CSL’s research vision is to transform cyber defense from a largely reactive and heuristic practice into a verifiable, enforceable, quantifiable, and automated discipline. To this end, the laboratory integrates theoretical foundations, system-level engineering, and experimental validation across multiple cybersecurity domains. The CSL team comprises Tennessee State University faculty, graduate researchers, and external collaborators with expertise spanning data security and privacy, secure software systems, end-system and operating-system protection, network and distributed systems security, and the protection of critical cyber-physical infrastructures.

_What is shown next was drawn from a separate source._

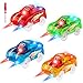 🚕 [Fourfold Happiness & Funny Stickers] 4 different colors of light up track cars can attract kids' attention and make them feel happy. Children can decorate their cars with funny stickers, which are suitable for the transparent car body, making the car attention-grabbing and special. Race track cars can not only be enhanced family relationships but also educated children about traffic safety by these track cars

A distinguishing feature of CSL is its Cyber-Physical Critical Infrastructure (CPCI) testbed, which enables realistic experimentation on the convergence of information technology (IT) and operational technology (OT). The testbed supports physical OT connections through programmable logic controllers (PLCs) interfaced with high-fidelity simulators, allowing researchers to model and evaluate cyber-attacks and defenses in safety-critical environments. The IT environment is fully configurable, enabling the creation of diverse attack vectors, including advanced persistent threats, living-off-the-land techniques, and cross-domain IT/OT attack scenarios.

In addition, CSL hosts a virtualized cluster server infrastructure that supports a secure, private research network for large-scale experimentation. This environment enables the deployment and evaluation of distributed security analytics, encrypted computation, zero-trust architectures, and AI/ML-driven cyber defense mechanisms under controlled and repeatable conditions.

Together, these facilities position CSL as a state-of-the-art experimental platform for research aligned with NSF priorities in secure and trustworthy cyberspace, providing the necessary infrastructure to design, implement, and rigorously validate advanced cybersecurity solutions for modern cyber-physical systems.